Vulture Capitalism
Hopeless, sad and misdirected, you can't eat code.
"The map is not the territory"
Fresh from challenging Silicon Valley to invest in ethical Web 2.0 efforts, a blogger-cum-consultant has proclaimed a "manifesto" for the next industrial revolution using Web 2.0. Umair Haque, director of the Havas Media Lab think tank and founder of Web 2.0 consultant Bubblegeneration - seriously is this post-modern irony, or …
To paraphrase Jamie Zawinski, web 2.0 is about helping people get laid. Not about solving world hunger etc. (unless some "22 year old college student living in the dorms" gets laid along the way).
http://www.jwz.org/doc/groupware.html
QUOTE: "How will this software get my users laid" should be on the minds of anyone writing social software (and these days, almost all software is social software).
The ideals of helping others and leaving a legacy by actually doing something important (as opposed to leaving a legacy by coding flying penises in Sadville) are, sadly, the ideals of generations past. The same is true of honesty, integrity, and personal responsibility. Very few people my age (31) or younger care about these ideals.
However, if you'd like to return to those ideals, a good place to start would be to stop this "Web 2.0" crap. Simply put, disconnect. Actually leave the house and interact with the peoplearound you. Returning to active, friendly, and helpful communities would go a long way.
It makes me laugh that all these web 2.0 and open source guys tend to be very right-wing in their political views, often tending to the libertarian, and then they come out with these very left-wing ideas like they're amazing flashes of insight nobody else has ever thought of.
Since programmers need to eat to, they generally do their programming for somebody with the money to pay them. One of your countrymen, Adam Smith by name, worked out how letting people alone to do that was a good way to increase productivity that would eventually benefit everyone.
Since eventually is a long time, effective forms of charity that help people get started, or things like disaster relief, are appealing enough that they can usually find donors. The chronic poverty that comes from too many people on not enough land, though, is another matter.
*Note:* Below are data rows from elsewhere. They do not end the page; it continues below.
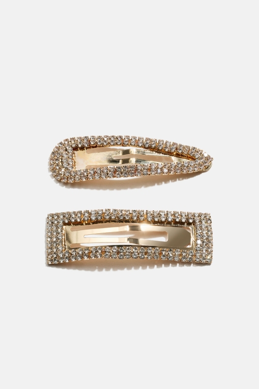 To hårspenner i gullfarget metall pyntet med hvite glassteiner. Kommer i topakning med en rektangulær og en dråpeformet spenne.
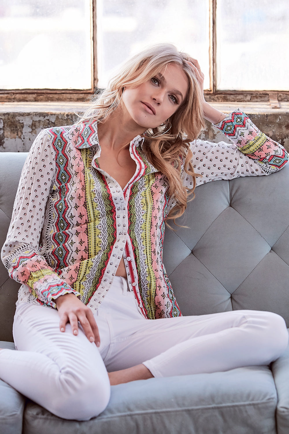 ANTIBES PERI EMBROIDERED BUTTON DOWN SHIRT
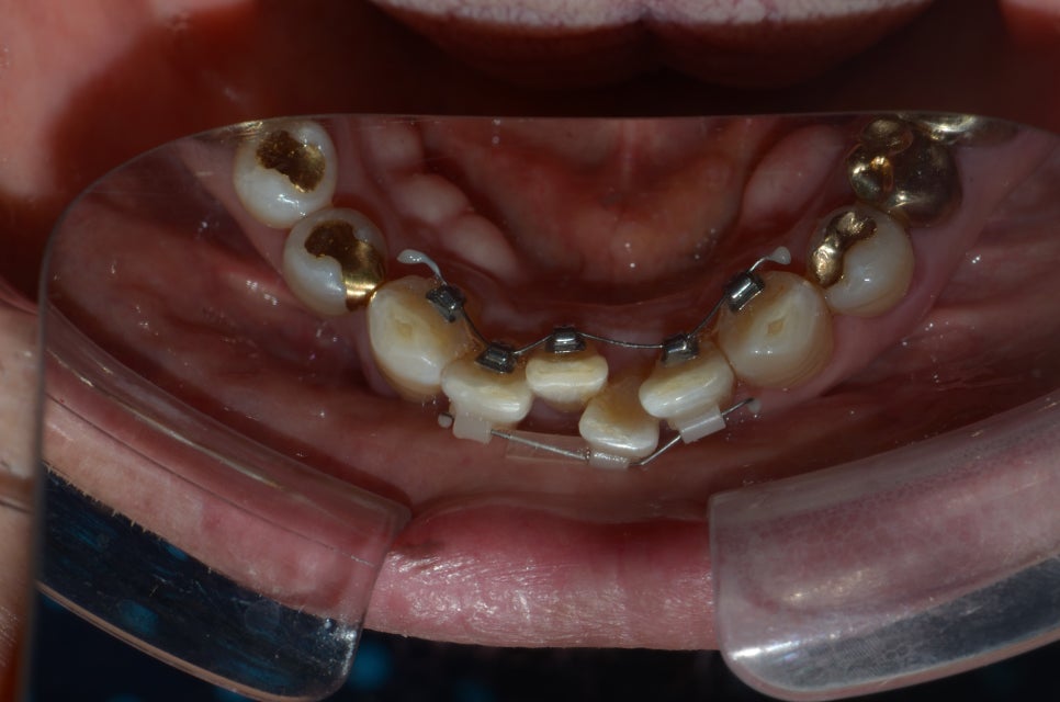 이런 경우를 위해서 아래 앞니를 안쪽으로 간단하게 교정할수 있는 티끌 장치가 있는데요
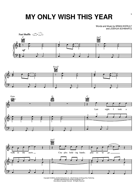 Digital Sheet Music for My Only Wish This Year by Brian Kierulf, Joshua Schwartz, Britney Spears scored for Piano/Vocal/Chords; id:384658
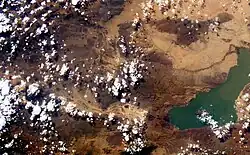 The earliest and lowest sedimentary deposits are fluvial, formed by the layering of clays, sandstones, pebbles and cobbles washed downstream by flowing rivers. The deposits are marked by mollusks, ostracods and carbonized plant parts, and demonstrate alternating passage of river channels or meandering streams. The lowest deposits are marked by a series of volcanic ash layers.[1][2]
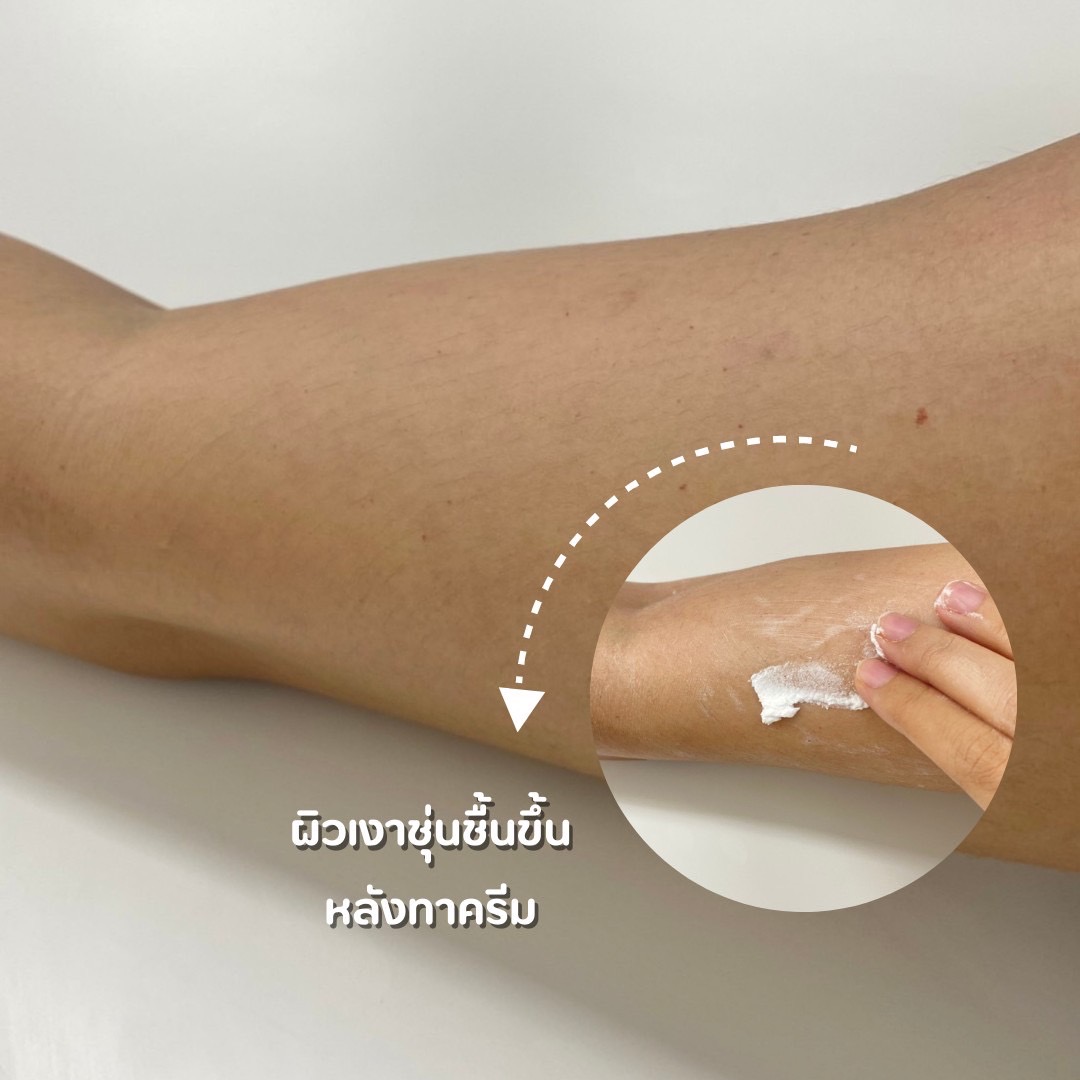 สัมผัสแรกคือเนื้อครีมนุ่มเหมือนจับวิปครีมที่เบาๆฟูๆ ตามด้วยกลิ่นหอมอ่อนๆ (ส่วนตัวเราชอบกลิ่นแบบนี้เพราะไม่ฉุน) หลังทารู้สึกชุ่นชื้นขึ้น ผิวดูเงาเหมือนคนสุขภาพดีตามที่เขาว่ากันเลยย แต่มันใช้เวลาเกลี่ยสักพักกว่าจะซึมเข้าผิวนะคะ ยังดีที่ออกมาไม่เหนียว อันนี้ตอบโจทย์คนขี้ร้อนแบบเราดี เพราะไม่ชอบครีมที่ทาแล้วเหนอะหนะเกินไป
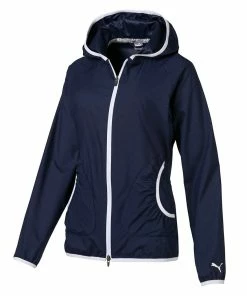 Hit the links with no fear on windy, drizzly days when you have the Puma Zephyr Golf Jacket. This jacket is built with WINDCELL technology that protects you against windy conditions while also keeping you warm and dry. This jacket is woven, and water resistant that feature cute, gathered pockets with color contrast on the pockets, zipper and hoodie and the cuff binding. The feminine features will also have you looking good while out on the course.

Human society has never responded positively to a programatic approach - it was the fundamental flaw with marxism and other highly ordered societies. The underlying trend has always been the chaos/order cycle - and the high levels of order required by a programmed approach cannot hold - indeed it is probable that the increasing the effectiveness of the programme increases the trend to chaos.
Someone should send this guy a copy of The Second Coming
Remember the OLPC project where they shipped out laptops to kids in Africa? They could have e-mail and internet (so they could look at stuff like BMW's and Louis Vuitton luggage). These boxes cost $100, and Intel pulled the plug as there's no profit. You could do a linux desktop box for £150, but that's no good to them if (as Bill Gates said) they don't have any food. I've always thought Internet to poor folk projects were always a bit of a piss take. I don't think Sainscoda (and their corporate partners) deliver to Ethiopia. Skull and crossbones for obvious reasons.